Strain controlled g- to d-wave transition in altermagnetic CrSb

TL;DR

This study demonstrates a strain-induced transition from g-wave to d-wave altermagnetism in CrSb, revealing how strain can tune magnetic symmetry and spin current properties, confirmed by first-principles calculations.

Contribution

The paper extends the understanding of strain effects on altermagnetism by analyzing CrSb, identifying specific strain directions that induce symmetry changes and spin-splitter effects, supported by first-principles calculations.

Findings

Strain can induce a g- to d-wave transition in CrSb.

Certain strain directions enable spin-splitter effects up to 5%.

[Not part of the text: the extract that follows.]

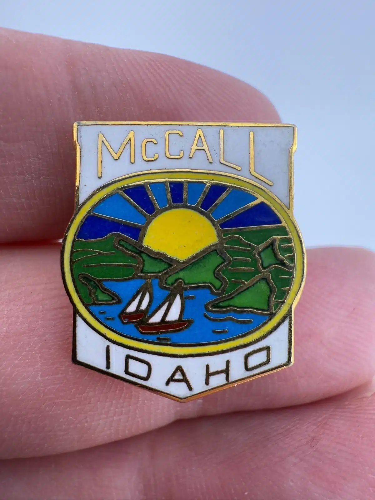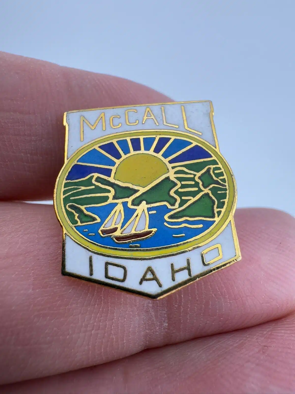 Vintage McCall Idaho Travel Pin with Sailboats, Water, Mountains, and Sun

The transition is confirmed both analytically and via first-principles calculations.

Abstract

The possibility of a strain-induced transformation from $g$-wave to $d$-wave altermagnetism was recently recently proposed for MnTe using a $k\cdot p$ perturbative model. In this work, we demonstrate such a transition in CrSb for a wider array of strains, using a combination of a minimal model and first-principles calculations. Starting from a symmetry perspective, we analyze the spin elastoconductivity tensor, and determine the strain types which allow for a change in the altermagnetic symmetry. We obtain three strain directions, which allow for a $d$-wave type splitting, and one in which a net magnetic moment emerges. Using first-principles calculations in the absence of spin-orbit coupling (SOC), we confirm these symmetry predictions. Furthermore, these results do not alter qualitatively in the presence of SOC. Finally, we reveal that the resulting spin currents give rise to a spin-splitter effect of up to 5\% under realistic strains of 1\%, confirming strain as a powerful tool for tuning altermagnetic properties.